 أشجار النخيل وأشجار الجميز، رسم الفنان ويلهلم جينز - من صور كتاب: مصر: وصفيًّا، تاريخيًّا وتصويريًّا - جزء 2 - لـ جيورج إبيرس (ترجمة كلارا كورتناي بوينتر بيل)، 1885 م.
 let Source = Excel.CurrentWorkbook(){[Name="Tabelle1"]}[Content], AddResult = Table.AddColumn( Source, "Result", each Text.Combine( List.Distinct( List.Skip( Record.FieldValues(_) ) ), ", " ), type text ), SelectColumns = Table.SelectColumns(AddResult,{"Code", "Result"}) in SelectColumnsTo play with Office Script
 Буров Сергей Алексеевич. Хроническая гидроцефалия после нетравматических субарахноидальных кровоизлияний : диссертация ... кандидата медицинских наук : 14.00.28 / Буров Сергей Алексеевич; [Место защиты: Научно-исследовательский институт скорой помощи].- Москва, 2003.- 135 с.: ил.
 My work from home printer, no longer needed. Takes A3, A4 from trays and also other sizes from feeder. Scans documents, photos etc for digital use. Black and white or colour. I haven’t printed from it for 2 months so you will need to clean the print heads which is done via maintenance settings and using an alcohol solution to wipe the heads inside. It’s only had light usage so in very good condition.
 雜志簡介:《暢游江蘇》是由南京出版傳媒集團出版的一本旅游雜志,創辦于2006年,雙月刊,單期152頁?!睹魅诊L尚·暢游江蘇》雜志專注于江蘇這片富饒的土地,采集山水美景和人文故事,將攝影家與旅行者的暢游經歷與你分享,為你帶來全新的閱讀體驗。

==

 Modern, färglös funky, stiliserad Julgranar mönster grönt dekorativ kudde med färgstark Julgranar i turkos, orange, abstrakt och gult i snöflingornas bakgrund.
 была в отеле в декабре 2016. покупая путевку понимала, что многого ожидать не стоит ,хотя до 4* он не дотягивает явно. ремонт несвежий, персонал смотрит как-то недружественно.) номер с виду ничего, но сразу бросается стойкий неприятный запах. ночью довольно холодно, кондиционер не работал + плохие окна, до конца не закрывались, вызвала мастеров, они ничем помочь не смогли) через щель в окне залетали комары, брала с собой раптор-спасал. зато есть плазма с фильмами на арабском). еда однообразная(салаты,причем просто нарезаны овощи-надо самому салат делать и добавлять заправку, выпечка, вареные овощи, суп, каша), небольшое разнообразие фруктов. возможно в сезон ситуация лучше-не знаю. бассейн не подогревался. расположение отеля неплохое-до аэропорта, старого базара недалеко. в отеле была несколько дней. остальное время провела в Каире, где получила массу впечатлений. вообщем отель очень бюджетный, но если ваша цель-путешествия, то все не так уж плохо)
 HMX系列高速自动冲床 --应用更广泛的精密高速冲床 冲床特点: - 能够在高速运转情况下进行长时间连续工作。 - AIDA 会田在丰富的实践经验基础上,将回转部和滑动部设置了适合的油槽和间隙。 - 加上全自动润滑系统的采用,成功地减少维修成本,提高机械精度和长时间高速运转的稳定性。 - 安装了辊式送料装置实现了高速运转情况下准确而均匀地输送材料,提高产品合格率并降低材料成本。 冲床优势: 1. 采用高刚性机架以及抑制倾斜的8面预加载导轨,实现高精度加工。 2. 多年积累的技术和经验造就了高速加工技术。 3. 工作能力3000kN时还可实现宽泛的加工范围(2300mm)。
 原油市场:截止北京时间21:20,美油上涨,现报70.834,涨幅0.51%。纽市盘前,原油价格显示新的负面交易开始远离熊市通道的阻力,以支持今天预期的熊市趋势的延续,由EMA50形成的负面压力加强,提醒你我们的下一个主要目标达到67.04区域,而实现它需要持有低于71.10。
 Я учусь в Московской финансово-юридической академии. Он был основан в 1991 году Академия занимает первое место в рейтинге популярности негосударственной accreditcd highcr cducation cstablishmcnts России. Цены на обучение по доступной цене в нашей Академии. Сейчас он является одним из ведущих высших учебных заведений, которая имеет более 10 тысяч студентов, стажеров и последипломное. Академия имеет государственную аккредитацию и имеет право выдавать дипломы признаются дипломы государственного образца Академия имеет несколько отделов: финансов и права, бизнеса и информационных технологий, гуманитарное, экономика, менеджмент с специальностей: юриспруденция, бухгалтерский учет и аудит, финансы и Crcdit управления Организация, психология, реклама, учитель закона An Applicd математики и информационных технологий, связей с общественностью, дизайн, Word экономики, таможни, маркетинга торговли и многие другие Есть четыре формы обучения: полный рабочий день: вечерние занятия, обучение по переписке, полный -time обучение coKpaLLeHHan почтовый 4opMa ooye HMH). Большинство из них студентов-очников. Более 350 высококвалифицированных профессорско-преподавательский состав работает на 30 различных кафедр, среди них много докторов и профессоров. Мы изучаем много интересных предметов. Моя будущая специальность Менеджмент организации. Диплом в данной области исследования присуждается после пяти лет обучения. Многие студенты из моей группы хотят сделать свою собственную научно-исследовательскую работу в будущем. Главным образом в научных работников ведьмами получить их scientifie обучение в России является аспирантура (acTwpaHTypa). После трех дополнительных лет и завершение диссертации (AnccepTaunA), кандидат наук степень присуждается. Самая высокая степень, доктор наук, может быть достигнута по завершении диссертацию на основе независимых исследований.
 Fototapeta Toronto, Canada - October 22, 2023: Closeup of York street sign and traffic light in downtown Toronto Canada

...

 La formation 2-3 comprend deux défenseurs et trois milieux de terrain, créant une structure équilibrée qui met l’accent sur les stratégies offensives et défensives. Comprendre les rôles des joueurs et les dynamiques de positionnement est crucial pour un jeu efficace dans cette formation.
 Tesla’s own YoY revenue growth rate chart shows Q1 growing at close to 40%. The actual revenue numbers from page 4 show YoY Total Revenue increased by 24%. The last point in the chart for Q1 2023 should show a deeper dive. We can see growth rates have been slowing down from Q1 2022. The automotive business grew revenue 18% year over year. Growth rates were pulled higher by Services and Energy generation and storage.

#### [Work request]
Looking at the data above, return every line from the one with "La formation 2-3" down to the one with "Tesla’s own YoY", exactly and inclusively.

#### [The completed task]
 La formation 2-3 comprend deux défenseurs et trois milieux de terrain, créant une structure équilibrée qui met l’accent sur les stratégies offensives et défensives. Comprendre les rôles des joueurs et les dynamiques de positionnement est crucial pour un jeu efficace dans cette formation.
 Tesla’s own YoY revenue growth rate chart shows Q1 growing at close to 40%. The actual revenue numbers from page 4 show YoY Total Revenue increased by 24%. The last point in the chart for Q1 2023 should show a deeper dive. We can see growth rates have been slowing down from Q1 2022. The automotive business grew revenue 18% year over year. Growth rates were pulled higher by Services and Energy generation and storage.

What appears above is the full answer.